Hopefully this helps...

You can securely connect your external AI agent to a Model Context Protocol (MCP) server and Unity Catalog while maintaining strong control over authentication and resource management. The method depends on whether MCP is outside or inside Databricks. Below are best practices and details for secure endpoint creation and authentication.

MCP Outside Databricks

When MCP is outside Databricks and needs to access Unity Catalog data, REST API calls will be used. Secure, code-based authentication (no browser) is achievable using these methods:

  • Personal Access Token (PAT) Authentication:
    You can generate a Databricks PAT and include it in your REST API request headers using an Authorization token. This is suitable for automation and code-only flows, without browser involvement.
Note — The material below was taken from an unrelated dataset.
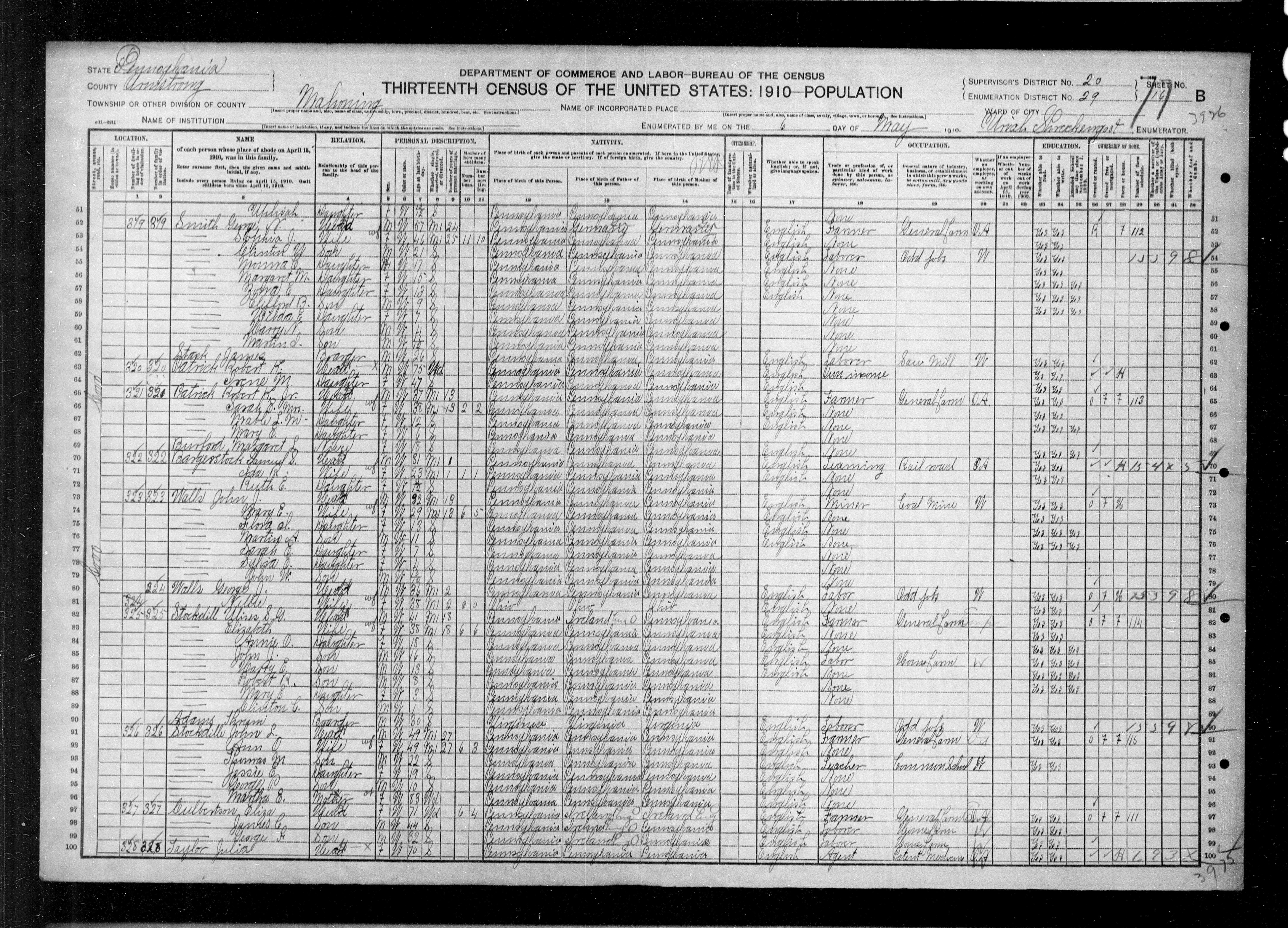 "United States Census, 1910," database with images, FamilySearch ( https://familysearch.org/ark:/61903/1:1:MGHJ-N1D : 20 October 2015), Julia Taylor, Mahoning, Armstrong, Pennsylvania, United States; citing enumeration district (ED) ED 29, sheet 17B, NARA microfilm publication T624 (Washington, D.C.: National Archives and Records Administration, n.d.); FHL microfilm 1,375,322.

    • Generate PAT in Databricks: Go to User Settings > Access Tokens.

    • Use header:

      text
      Authorization: Bearer <token>
    • Store the PAT securely (environment variable, secret manager).
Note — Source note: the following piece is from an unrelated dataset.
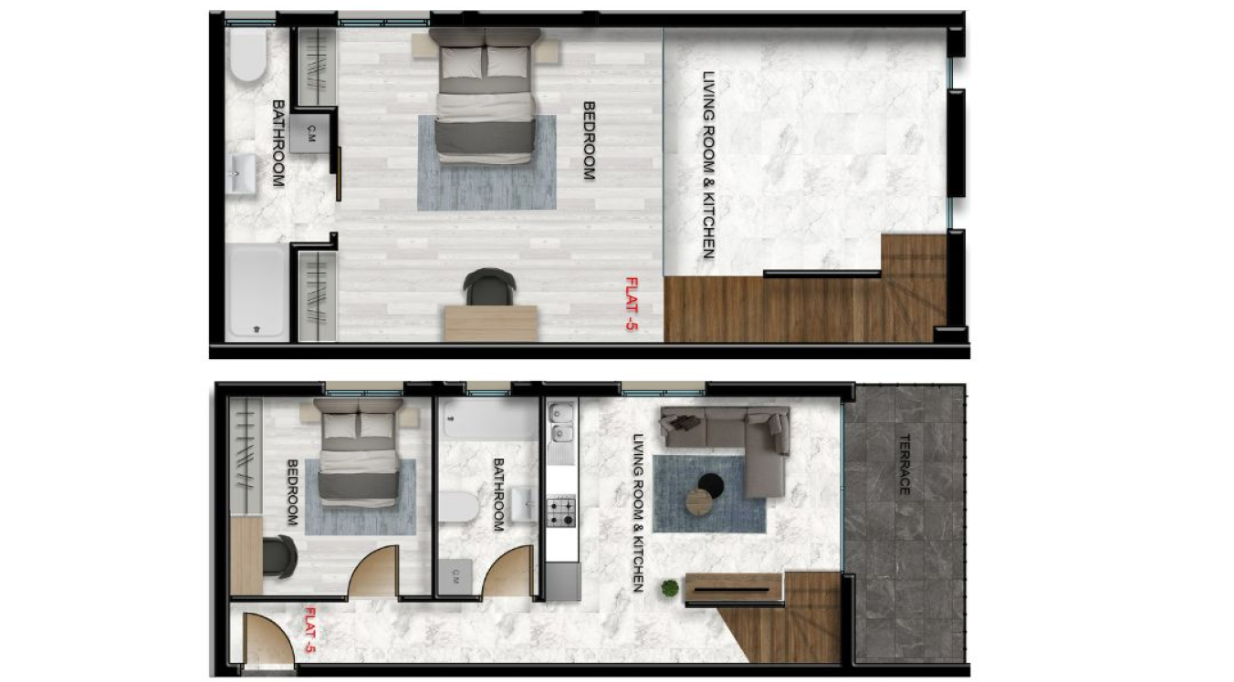 Charakterystyka nieruchomości- Typ nieruchomości: 2+1 Loft Penthouse Powierzchnia: 73m² (balkon 6m² + taras na dachu 45m²) Odległość od morza: 350 m

  • Service Principal (Workspace-Managed Identity):
    For production and enterprise setups, use a service principal registered with Databricks.
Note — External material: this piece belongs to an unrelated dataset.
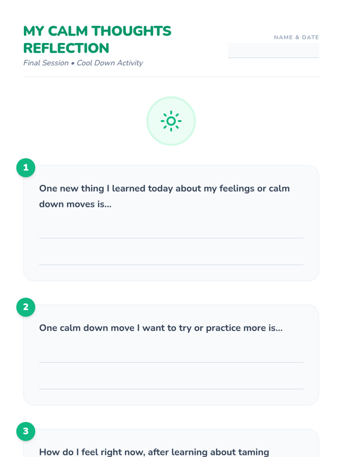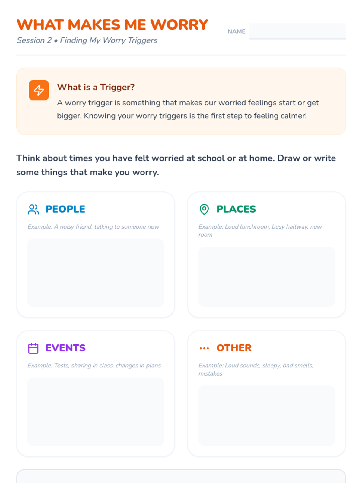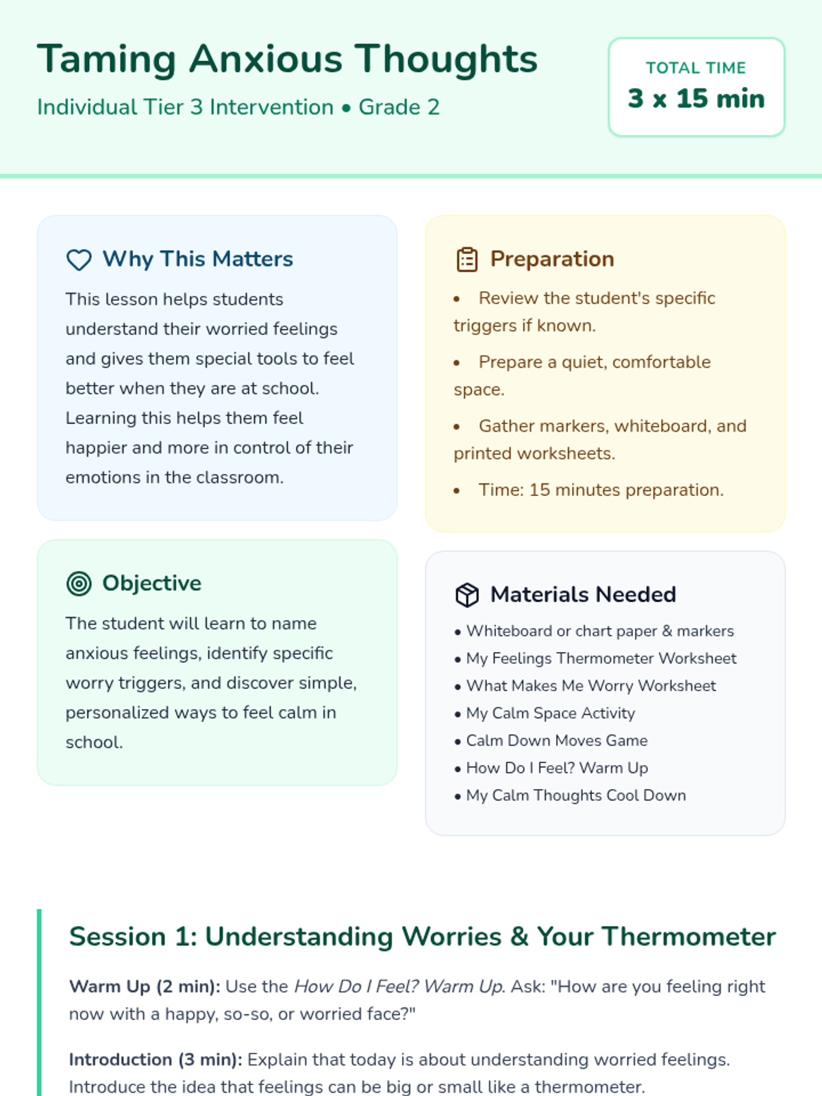 A three-session Tier 3 intervention for 2nd-grade students to identify anxious feelings, recognize triggers, and develop personalized coping strategies. This lesson uses a calm, supportive approach to empower students with social-emotional tools for the school environment.

    • Authenticate via client credentials (client ID/secret or certificate) using OAuth2 flows from your MCP or agent’s code.

    • Obtain workspace and catalog access via API, using the principal’s scopes and roles.

  • Securing the Endpoint:

    • Host your MCP server on a secure cloud VM or service (ensure HTTPS/TLS).

    • Require authentication for access and provide only secure REST API endpoints.

    • Store credentials (tokens/secrets) outside codebase—preferably with a secret management service.

Secure Endpoints in Databricks

When deploying MCP inside Databricks, you can use Databricks native security and authentication mechanisms:

  • Databricks REST Endpoints:

    • You can create WebHDFS or standard REST endpoints in Databricks, protected by workspace authentication.

    • Set up an endpoint using Databricks Jobs, Delta Live Tables, or MLflow model serving.

    • Secure using Bearer tokens (PATs) or service principals, as above.

  • Unity Catalog Access Control:

    • Assign workspace, schema, and table permissions to users, groups, or service principals in the Unity Catalog.

    • Only entities with appropriate permissions (via access control lists/policies) can query data.

MCP Inside Databricks: Accessing via Python

  • Native Access to Unity Catalog:

    • If MCP is running inside a Databricks workspace (e.g., as a notebook, job, or managed MLflow endpoint), it can access Unity Catalog directly using PySpark, Databricks SQL, or REST API.

    • Authorization is seamless if the code runs under a user/service principal with catalog permissions.

    • Best practice: assign least-privileged roles, and audit usage.

  • No Explicit Authorization Required:

    • When running inside Databricks with correct role/ID, explicit extra authentication steps are not needed—Databricks manages session tokens.

    • Access is managed by Databricks’ authentication context, so spark.read.table("catalog.schema.table") will work if permissions are set.

Summary Table: Authentication Approaches

Scenario Endpoint Security Authentication in Code Browser needed? Notes
AI agent -> MCP outside Databricks -> Unity Catalog HTTPS REST API PAT / Service Principal No Secure with token header or OAuth2
MCP Endpoint inside Databricks Databricks REST/MLflow PAT / Service Principal No Native workspace authentication
MCP via PySpark inside Databricks Databricks runtime Workspace session No Managed by workspace/session context
 
 

Key Recommendations

  • Always use HTTPS for all endpoints.

  • Prefer service principals and managed identities for scalable, secure automation.

  • Store tokens and secrets securely, using environment variables or cloud secret managers.

  • Set fine-grained Unity Catalog permissions to limit data access to only what’s needed.

  • For MCP inside Databricks, leverage PySpark/DataFrame APIs for direct access, with minimal authentication setup required.

If you need code samples or steps for endpoint setup or OAuth2 authorization, please specify which platform (Azure, AWS, GCP) and Databricks environment you’re using.


For technical implementation details, including authorization flows and secure endpoint creation inside/outside Databricks, review the official Databricks documentation and your cloud provider's security guidelines.